Data under study Start Marker

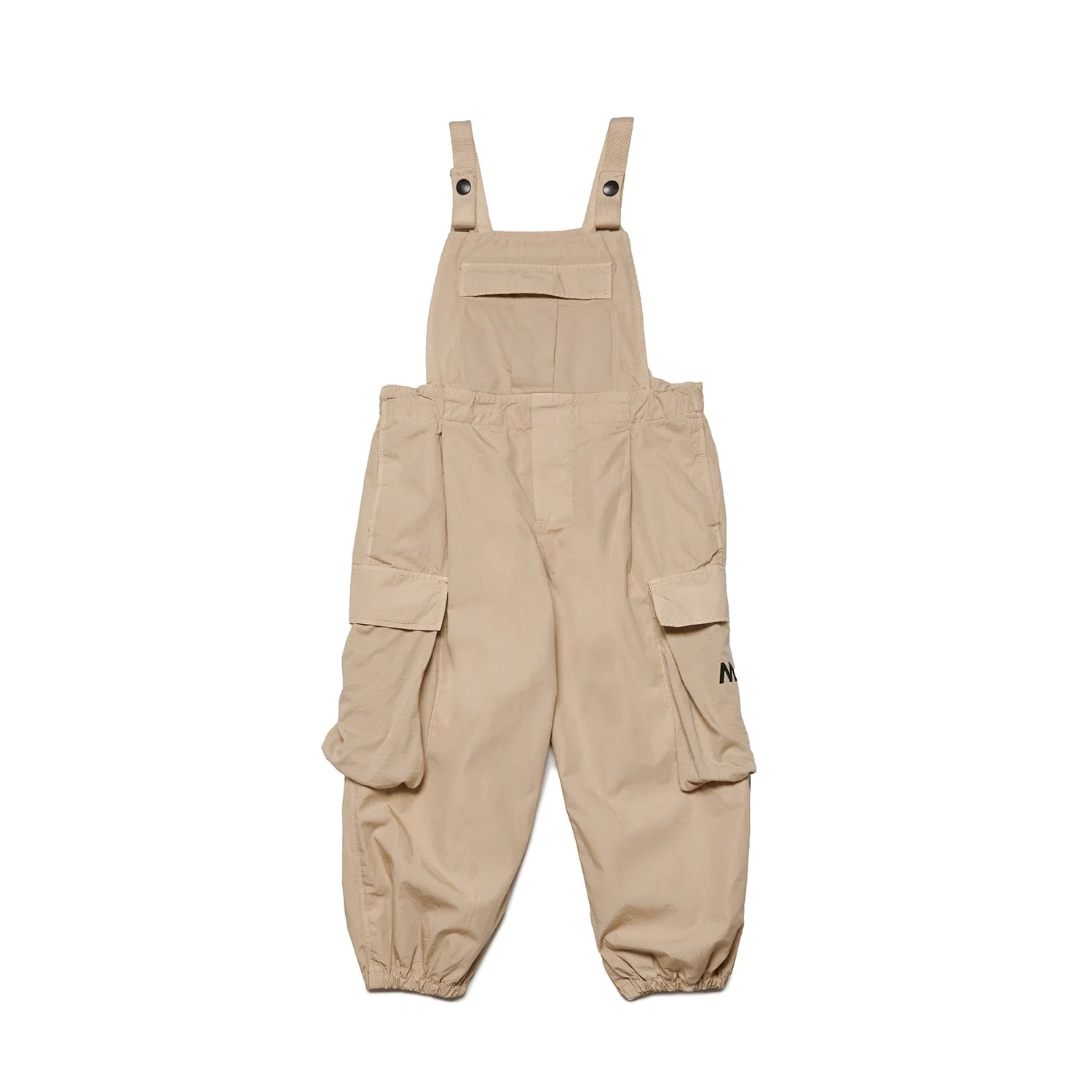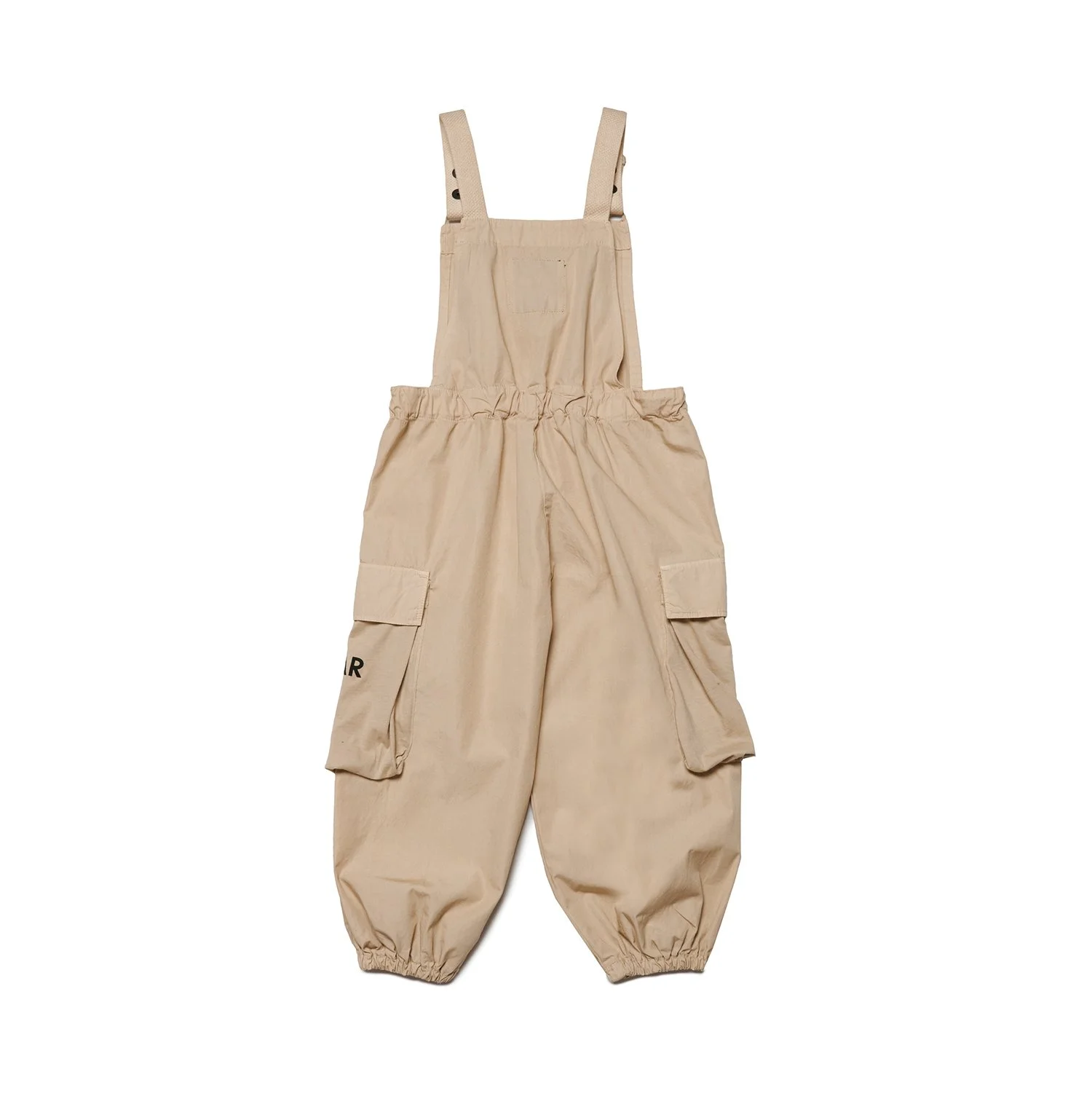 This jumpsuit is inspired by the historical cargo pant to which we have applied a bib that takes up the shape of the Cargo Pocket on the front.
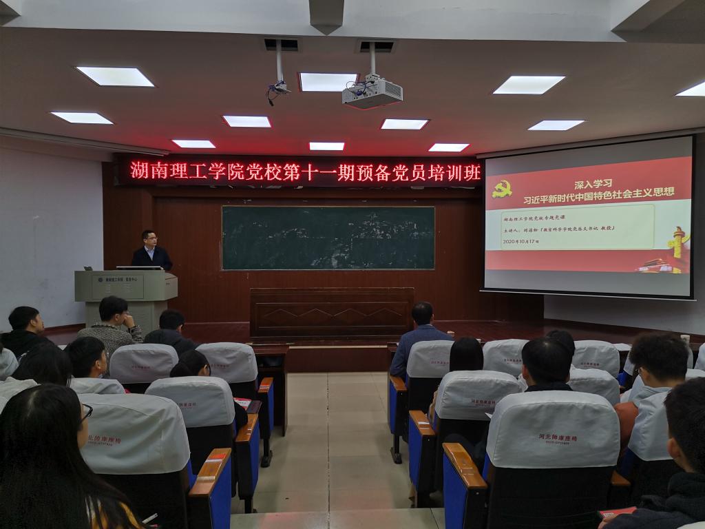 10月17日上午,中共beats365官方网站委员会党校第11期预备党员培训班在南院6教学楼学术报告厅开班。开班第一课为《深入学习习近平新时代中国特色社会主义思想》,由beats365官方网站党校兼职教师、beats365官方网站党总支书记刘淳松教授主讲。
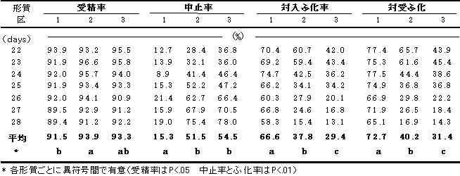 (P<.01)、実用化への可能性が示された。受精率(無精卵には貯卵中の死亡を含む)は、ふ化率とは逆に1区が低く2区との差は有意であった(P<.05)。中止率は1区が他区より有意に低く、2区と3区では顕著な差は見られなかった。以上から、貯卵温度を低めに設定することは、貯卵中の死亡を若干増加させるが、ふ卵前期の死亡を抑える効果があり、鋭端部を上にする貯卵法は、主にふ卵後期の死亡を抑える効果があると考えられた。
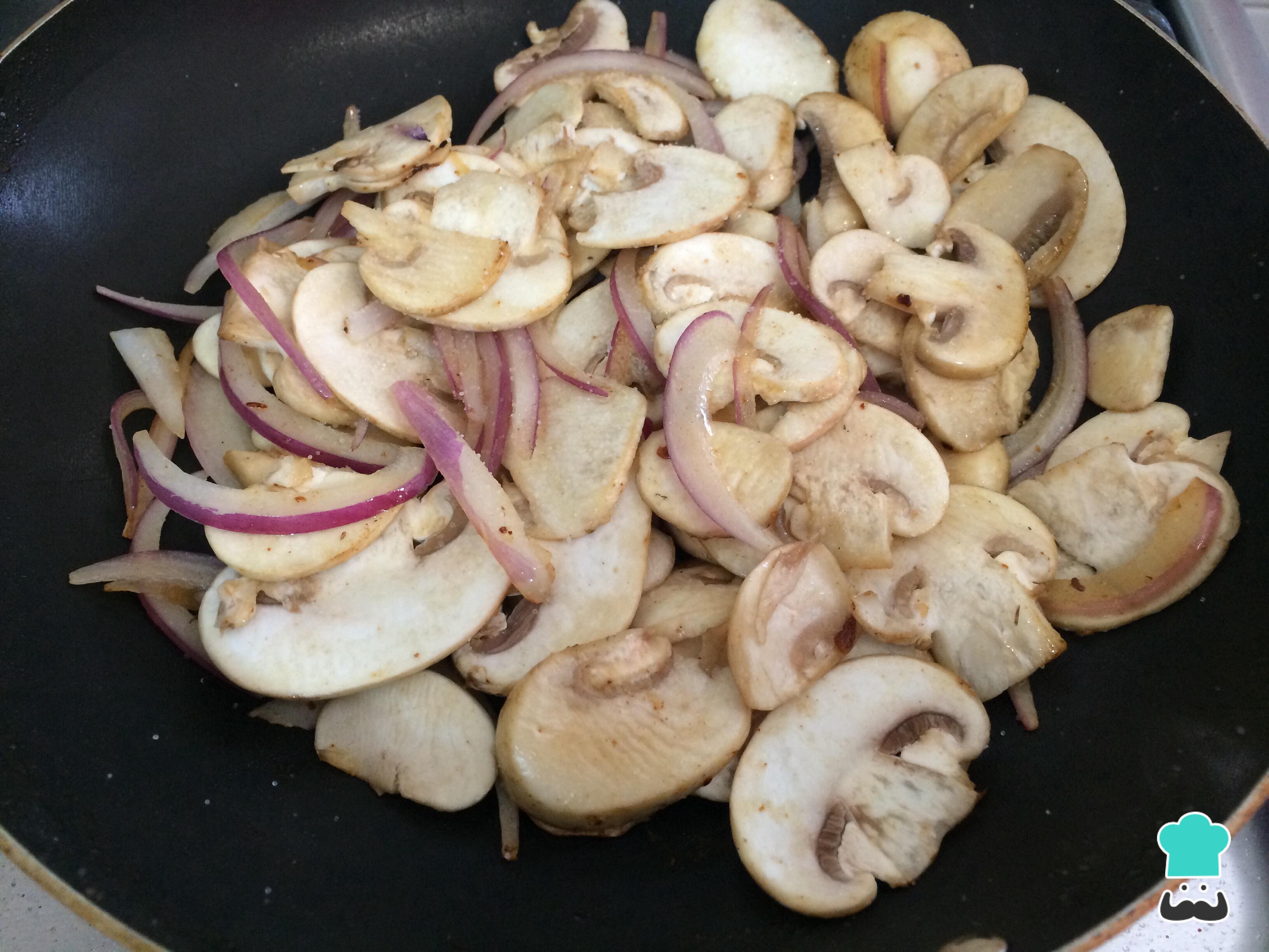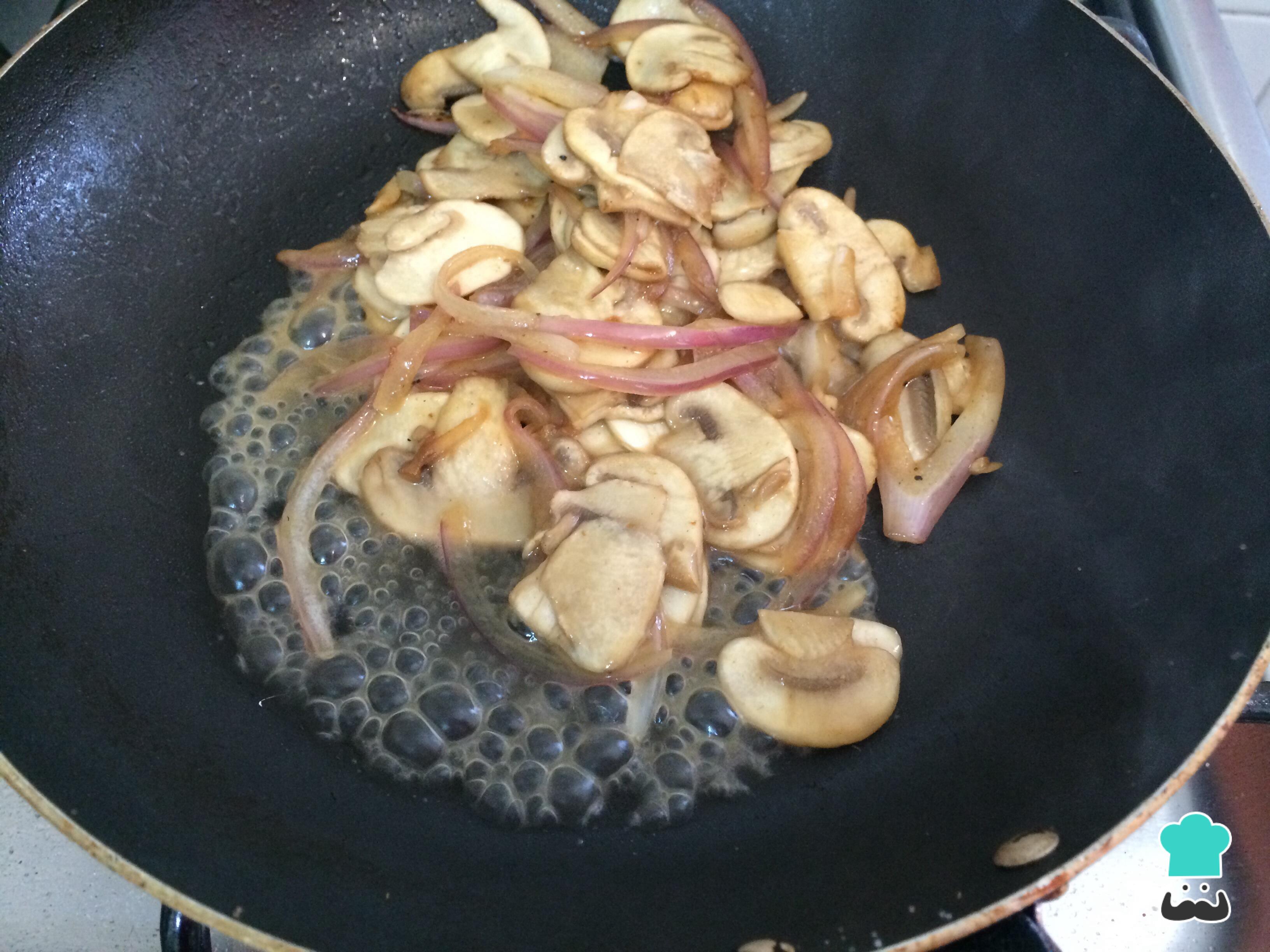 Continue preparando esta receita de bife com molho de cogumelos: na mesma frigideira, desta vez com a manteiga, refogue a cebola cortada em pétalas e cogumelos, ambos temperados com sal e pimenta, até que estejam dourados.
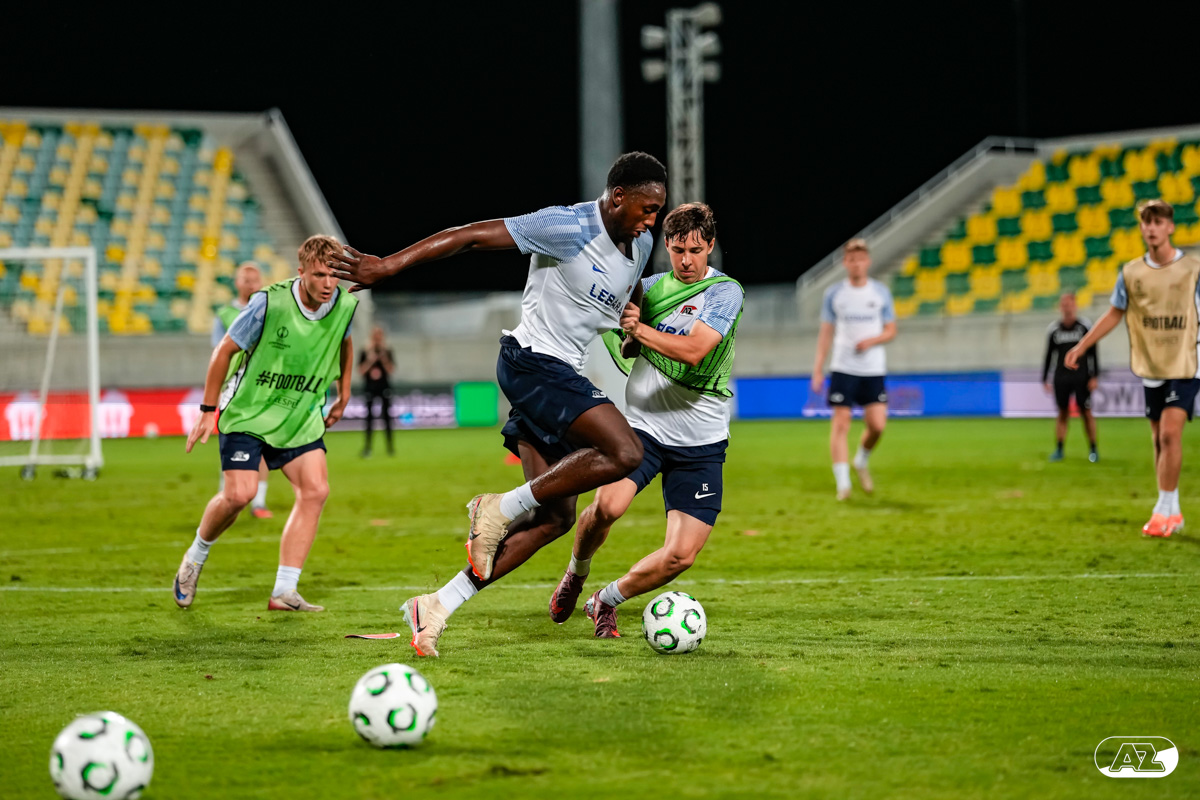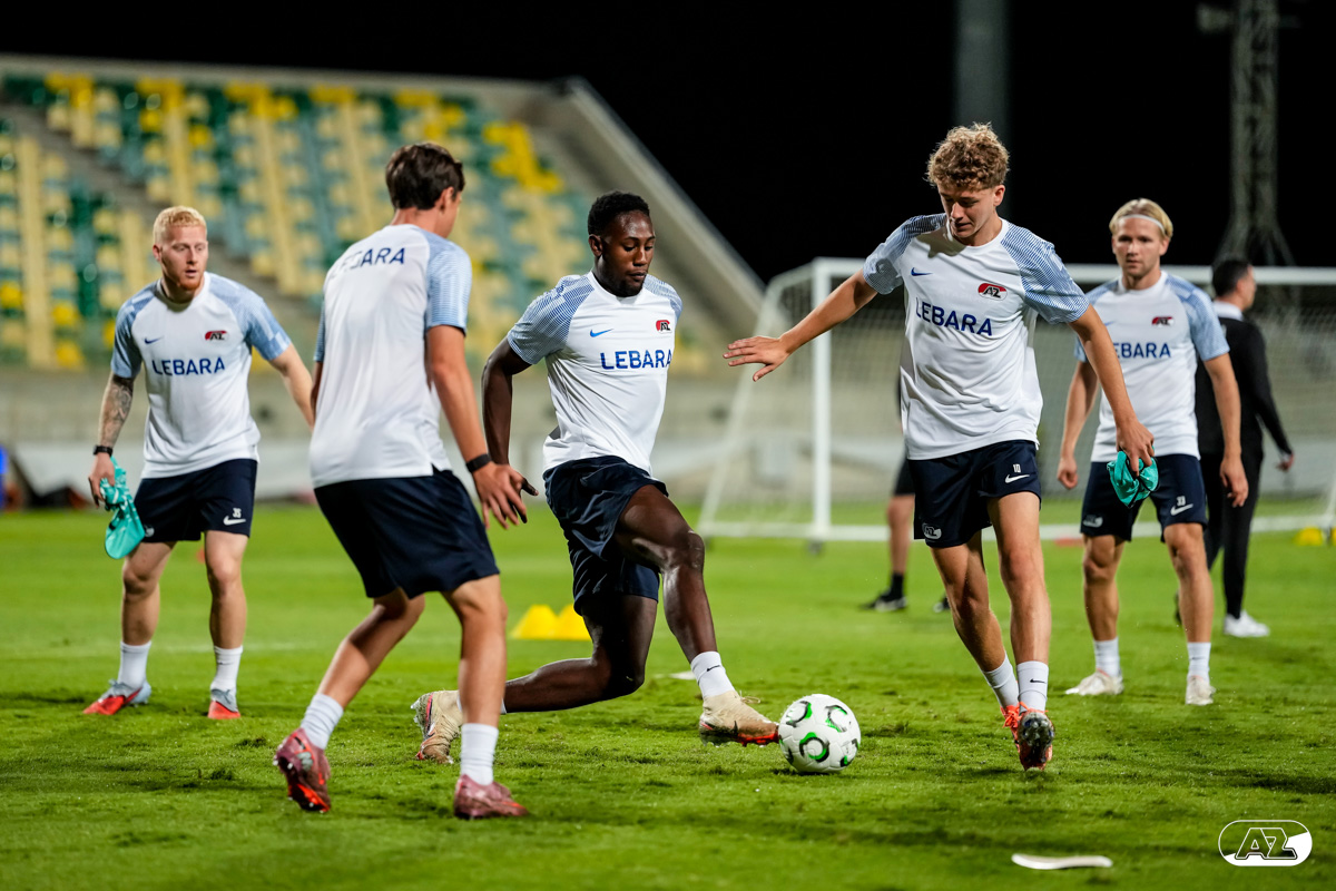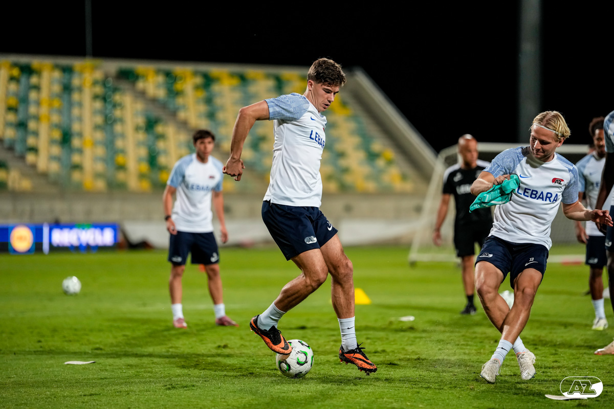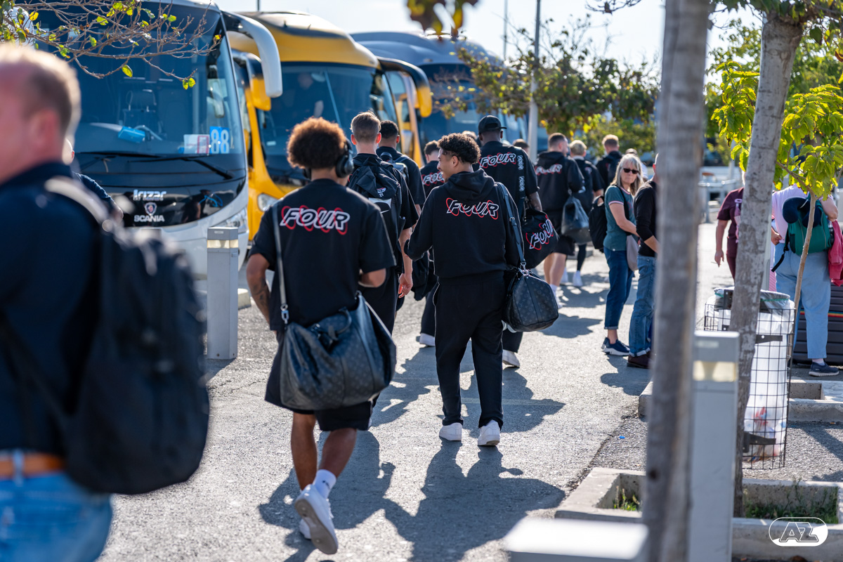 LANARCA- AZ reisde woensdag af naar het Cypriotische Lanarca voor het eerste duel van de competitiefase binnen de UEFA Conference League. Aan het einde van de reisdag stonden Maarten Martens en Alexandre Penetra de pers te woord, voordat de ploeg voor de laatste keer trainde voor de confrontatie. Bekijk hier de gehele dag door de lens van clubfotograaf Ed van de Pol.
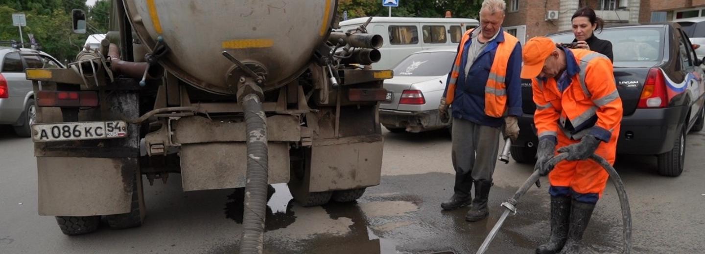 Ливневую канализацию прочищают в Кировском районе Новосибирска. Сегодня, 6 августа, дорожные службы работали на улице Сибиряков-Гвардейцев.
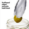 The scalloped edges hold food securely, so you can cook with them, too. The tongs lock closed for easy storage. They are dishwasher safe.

Data under study End Marker

**Problem**
Only the lines from where the data begins to the line with "Ливневую канализацию прочищают", both of them included, should be reproduced word for word; no pictures.

**Response**
 This jumpsuit is inspired by the historical cargo pant to which we have applied a bib that takes up the shape of the Cargo Pocket on the front.
 10月17日上午,中共beats365官方网站委员会党校第11期预备党员培训班在南院6教学楼学术报告厅开班。开班第一课为《深入学习习近平新时代中国特色社会主义思想》,由beats365官方网站党校兼职教师、beats365官方网站党总支书记刘淳松教授主讲。
 (P<.01)、実用化への可能性が示された。受精率(無精卵には貯卵中の死亡を含む)は、ふ化率とは逆に1区が低く2区との差は有意であった(P<.05)。中止率は1区が他区より有意に低く、2区と3区では顕著な差は見られなかった。以上から、貯卵温度を低めに設定することは、貯卵中の死亡を若干増加させるが、ふ卵前期の死亡を抑える効果があり、鋭端部を上にする貯卵法は、主にふ卵後期の死亡を抑える効果があると考えられた。
 Continue preparando esta receita de bife com molho de cogumelos: na mesma frigideira, desta vez com a manteiga, refogue a cebola cortada em pétalas e cogumelos, ambos temperados com sal e pimenta, até que estejam dourados.
 LANARCA- AZ reisde woensdag af naar het Cypriotische Lanarca voor het eerste duel van de competitiefase binnen de UEFA Conference League. Aan het einde van de reisdag stonden Maarten Martens en Alexandre Penetra de pers te woord, voordat de ploeg voor de laatste keer trainde voor de confrontatie. Bekijk hier de gehele dag door de lens van clubfotograaf Ed van de Pol.
 Ливневую канализацию прочищают в Кировском районе Новосибирска. Сегодня, 6 августа, дорожные службы работали на улице Сибиряков-Гвардейцев.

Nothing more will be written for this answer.